'''
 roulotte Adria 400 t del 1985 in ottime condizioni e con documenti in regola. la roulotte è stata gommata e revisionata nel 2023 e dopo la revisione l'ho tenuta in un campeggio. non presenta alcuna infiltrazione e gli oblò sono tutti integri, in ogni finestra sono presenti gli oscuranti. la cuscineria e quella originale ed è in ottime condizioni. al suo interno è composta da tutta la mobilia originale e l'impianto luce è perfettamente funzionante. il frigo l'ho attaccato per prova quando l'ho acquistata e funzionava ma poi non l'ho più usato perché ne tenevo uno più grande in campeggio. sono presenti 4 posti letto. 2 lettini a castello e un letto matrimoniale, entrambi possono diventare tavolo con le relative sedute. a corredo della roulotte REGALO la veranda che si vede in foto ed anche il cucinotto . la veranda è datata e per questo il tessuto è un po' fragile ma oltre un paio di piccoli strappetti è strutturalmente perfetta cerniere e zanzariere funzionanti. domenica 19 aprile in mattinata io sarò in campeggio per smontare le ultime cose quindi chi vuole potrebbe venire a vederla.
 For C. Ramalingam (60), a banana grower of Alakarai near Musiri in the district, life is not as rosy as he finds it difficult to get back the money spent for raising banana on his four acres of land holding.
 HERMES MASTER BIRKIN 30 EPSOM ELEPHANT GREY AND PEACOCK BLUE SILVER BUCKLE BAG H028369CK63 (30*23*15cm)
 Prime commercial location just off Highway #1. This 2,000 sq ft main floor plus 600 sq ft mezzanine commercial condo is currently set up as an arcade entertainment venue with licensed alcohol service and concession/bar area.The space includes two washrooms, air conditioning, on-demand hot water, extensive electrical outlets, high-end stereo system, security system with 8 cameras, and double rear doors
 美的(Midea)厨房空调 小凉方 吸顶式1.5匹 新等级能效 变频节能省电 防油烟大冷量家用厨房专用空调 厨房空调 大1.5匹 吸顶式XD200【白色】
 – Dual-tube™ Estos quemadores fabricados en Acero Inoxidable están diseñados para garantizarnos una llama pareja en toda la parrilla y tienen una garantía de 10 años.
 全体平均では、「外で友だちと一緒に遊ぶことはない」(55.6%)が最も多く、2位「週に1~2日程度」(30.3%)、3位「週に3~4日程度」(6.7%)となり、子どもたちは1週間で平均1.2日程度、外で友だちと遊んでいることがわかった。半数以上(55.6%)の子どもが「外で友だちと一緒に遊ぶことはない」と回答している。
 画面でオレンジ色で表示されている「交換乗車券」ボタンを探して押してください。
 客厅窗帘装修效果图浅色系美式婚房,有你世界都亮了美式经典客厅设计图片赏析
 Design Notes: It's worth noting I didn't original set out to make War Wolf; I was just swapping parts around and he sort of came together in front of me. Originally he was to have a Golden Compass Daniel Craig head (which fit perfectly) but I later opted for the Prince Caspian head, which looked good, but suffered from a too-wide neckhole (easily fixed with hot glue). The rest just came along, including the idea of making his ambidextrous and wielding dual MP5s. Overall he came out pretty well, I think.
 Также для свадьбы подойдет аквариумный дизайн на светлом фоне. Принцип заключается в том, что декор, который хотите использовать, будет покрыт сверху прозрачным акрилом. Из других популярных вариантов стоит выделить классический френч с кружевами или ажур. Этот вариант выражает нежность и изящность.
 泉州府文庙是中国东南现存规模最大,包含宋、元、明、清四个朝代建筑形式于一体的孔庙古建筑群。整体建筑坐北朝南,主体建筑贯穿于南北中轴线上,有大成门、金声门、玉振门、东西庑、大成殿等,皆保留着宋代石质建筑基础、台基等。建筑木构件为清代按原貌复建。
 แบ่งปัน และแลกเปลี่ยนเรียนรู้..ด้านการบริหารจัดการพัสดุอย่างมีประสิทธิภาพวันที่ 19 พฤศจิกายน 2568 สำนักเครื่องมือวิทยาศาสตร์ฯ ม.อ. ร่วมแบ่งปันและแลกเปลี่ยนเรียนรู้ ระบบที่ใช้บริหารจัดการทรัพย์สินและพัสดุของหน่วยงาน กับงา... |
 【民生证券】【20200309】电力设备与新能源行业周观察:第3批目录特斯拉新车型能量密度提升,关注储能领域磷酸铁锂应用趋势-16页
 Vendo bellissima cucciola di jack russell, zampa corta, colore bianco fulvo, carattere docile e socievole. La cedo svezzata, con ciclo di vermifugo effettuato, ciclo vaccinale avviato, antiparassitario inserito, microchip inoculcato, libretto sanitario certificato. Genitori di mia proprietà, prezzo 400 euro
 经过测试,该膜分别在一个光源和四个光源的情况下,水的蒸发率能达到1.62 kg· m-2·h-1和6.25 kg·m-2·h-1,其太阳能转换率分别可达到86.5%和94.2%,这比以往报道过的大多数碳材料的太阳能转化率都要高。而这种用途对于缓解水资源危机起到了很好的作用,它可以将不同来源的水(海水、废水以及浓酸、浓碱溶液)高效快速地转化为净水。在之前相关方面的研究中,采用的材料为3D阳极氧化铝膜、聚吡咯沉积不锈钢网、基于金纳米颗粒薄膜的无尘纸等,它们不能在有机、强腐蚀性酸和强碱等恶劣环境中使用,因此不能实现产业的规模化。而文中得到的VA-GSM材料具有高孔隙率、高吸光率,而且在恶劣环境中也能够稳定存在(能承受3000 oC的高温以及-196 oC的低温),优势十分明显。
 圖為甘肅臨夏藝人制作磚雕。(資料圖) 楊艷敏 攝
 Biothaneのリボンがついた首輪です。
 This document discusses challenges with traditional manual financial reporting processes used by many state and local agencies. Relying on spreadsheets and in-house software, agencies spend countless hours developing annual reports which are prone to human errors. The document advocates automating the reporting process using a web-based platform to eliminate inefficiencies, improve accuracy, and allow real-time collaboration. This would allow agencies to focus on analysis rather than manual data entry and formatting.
'''
◆ What you need to do
Above are records; repeat only the lines starting at the line with "ระบบที่ใช้บริหารจัดการทรัพย์สินและพัสดุของหน่วยงาน กับงา... |" and ending at the line with "Biothaneのリボンがついた首輪です。", exactly as they appear, both included.

◆ Result
 แบ่งปัน และแลกเปลี่ยนเรียนรู้..ด้านการบริหารจัดการพัสดุอย่างมีประสิทธิภาพวันที่ 19 พฤศจิกายน 2568 สำนักเครื่องมือวิทยาศาสตร์ฯ ม.อ. ร่วมแบ่งปันและแลกเปลี่ยนเรียนรู้ ระบบที่ใช้บริหารจัดการทรัพย์สินและพัสดุของหน่วยงาน กับงา... |
 【民生证券】【20200309】电力设备与新能源行业周观察:第3批目录特斯拉新车型能量密度提升,关注储能领域磷酸铁锂应用趋势-16页
 Vendo bellissima cucciola di jack russell, zampa corta, colore bianco fulvo, carattere docile e socievole. La cedo svezzata, con ciclo di vermifugo effettuato, ciclo vaccinale avviato, antiparassitario inserito, microchip inoculcato, libretto sanitario certificato. Genitori di mia proprietà, prezzo 400 euro
 经过测试,该膜分别在一个光源和四个光源的情况下,水的蒸发率能达到1.62 kg· m-2·h-1和6.25 kg·m-2·h-1,其太阳能转换率分别可达到86.5%和94.2%,这比以往报道过的大多数碳材料的太阳能转化率都要高。而这种用途对于缓解水资源危机起到了很好的作用,它可以将不同来源的水(海水、废水以及浓酸、浓碱溶液)高效快速地转化为净水。在之前相关方面的研究中,采用的材料为3D阳极氧化铝膜、聚吡咯沉积不锈钢网、基于金纳米颗粒薄膜的无尘纸等,它们不能在有机、强腐蚀性酸和强碱等恶劣环境中使用,因此不能实现产业的规模化。而文中得到的VA-GSM材料具有高孔隙率、高吸光率,而且在恶劣环境中也能够稳定存在(能承受3000 oC的高温以及-196 oC的低温),优势十分明显。
 圖為甘肅臨夏藝人制作磚雕。(資料圖) 楊艷敏 攝
 Biothaneのリボンがついた首輪です。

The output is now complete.